The Australian dollar has broken down significantly during the early hours on Monday, but then turned around to show signs of stabilization. At this point, the market needs to determine whether or not we are forming an ascending channel, or are we simply building a bearish flag? At this point, I think that is going to be the biggest question from a technical analysis standpoint, so I would look at confirmation to the downside if we break down below the daily candlestick on Monday. All things been equal, if we do get that move, it is likely that the market could go all the way down towards the 0.7050 level.
AUD/USD Video 10.08.21
To the upside, if we can take out the 0.74 level, then it is possible that the market could go looking towards the 0.75 level after that.
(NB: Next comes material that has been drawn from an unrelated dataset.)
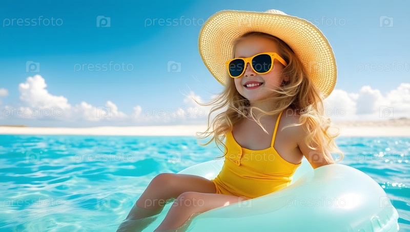 Красивая маленькая кудрявая девочка в соломенной шляпе и желтом купальнике на надувном круге в море.Концепция отдыха с детьми, туризма и летних каникул у воды

The 0.75 level is an area that I do believe will be even more resistive, especially as the 200 day EMA is sitting right there. Beyond that, the psychology of the 0.75 level would kind of come into the picture as well, so therefore I think that is going to be your “ceiling” in the market.
At this point in time, I believe in fading short-term rallies, because I do believe that the downward pressure is mounting. If the interest rates in the United States continue to climb, that should continue to drive up demand for the greenback, so that will also be downward pressure on this market. Beyond that, we also have to think about the risk appetite around the world, as the Aussie dollar is considered to be a “risk on currency.” All things been equal, it does look like we have further to go to the downside though.